(09/20)Lemmas
Euler's formula 欧拉公式
\[ e^{ix} = \cos{x} + i\sin{x} \]
Fourier transform 傅里叶变换
三角函数正交性
\[ \sum_{-\pi}^{\pi}{\sin{mx}\sin{nx} dx} = \begin{cases} 0, m\neq n \\ \pi, m = n \end{cases} \]
证明: 积化和差,周期内积分。
正余弦函数组成正交基,时域 \(\to\) 频域
\[ 1, cos(x), sin(x), cos(2x), sin(2x), ... cos(nx), sin(nx) \]
公式(实值函数时)
频率表示为 \(2 \pi f\)
\[ s_{N}(x) = \frac{a_0}{2} + \sum_{n = 1}^{\infty}{[a_n\cos{(2 \pi fnx)} + b_n\sin{(2 \pi fnx)}]} \]
\[a_{n} = A_{n}\sin{(\phi_{n})}, b_{n} = A_{n}\cos{(\phi_{n})}\]
\(\frac{a_0}{2}\) 对应直流份量,任何连续周期信号都可以由一组适当的正弦曲线组合而成。(非周期信号的周期认为是无穷大)
一般地,可以用正交性求 \(a_{n}\) 和 \(b_{n}\)。
\[ a_{n} = 2f \int_{x_0}^{x_0 + \frac{1}{f}}{s(x)\cdot \cos{(2\pi fnx)}dx} \] \[ b_{n} = 2f \int_{x_0}^{x_0 + \frac{1}{f}}{s(x)\cdot \sin{(2\pi fnx)}dx} \]
Shift-invariant Kernels
Random Fourier Features(RFF)
Random Features for Large-Scale Kernel Machines
\[ k(x,y) = <\phi(x), \phi(y)> = z(x)'z(y) \]

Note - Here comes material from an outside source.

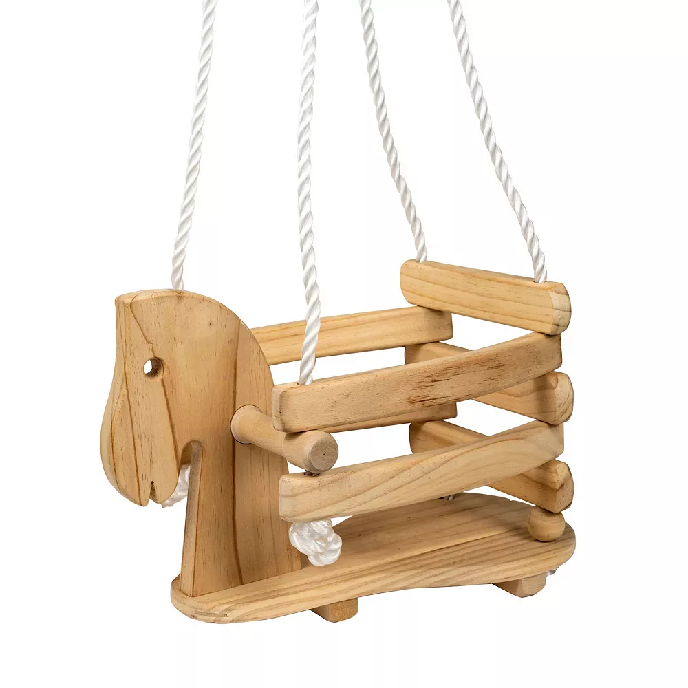 Made of real wood, this unique horse-shaped swing is the perfect indoor or outdoor swing for your little one.

Gaussian: \[ e^{-\frac{||\Delta||^2}{2}} \] Shift-invariant: x + z, y + z, delta remains, Radial basis function (RBF) kernel
The only thing that matters is the length of \(\Delta\)
Random Feature Map function of Gaussian: \[ \Phi(x) = \frac{1}{\sqrt{m}} (\sin(w_1^Tx),...\sin(w_m^Tx), \cos(w_1^Tx),...\cos(w_m^Tx)) \]
Bochner's Theorem
A continuous kernel \(k(x, y) = f(x − y)\) on \(\mathbb{R}^d\) is positive definite if and only if \(k(δ)\) is the Fourier transform of a non-negative measure. Here ignore the imaginery part \(\sin\).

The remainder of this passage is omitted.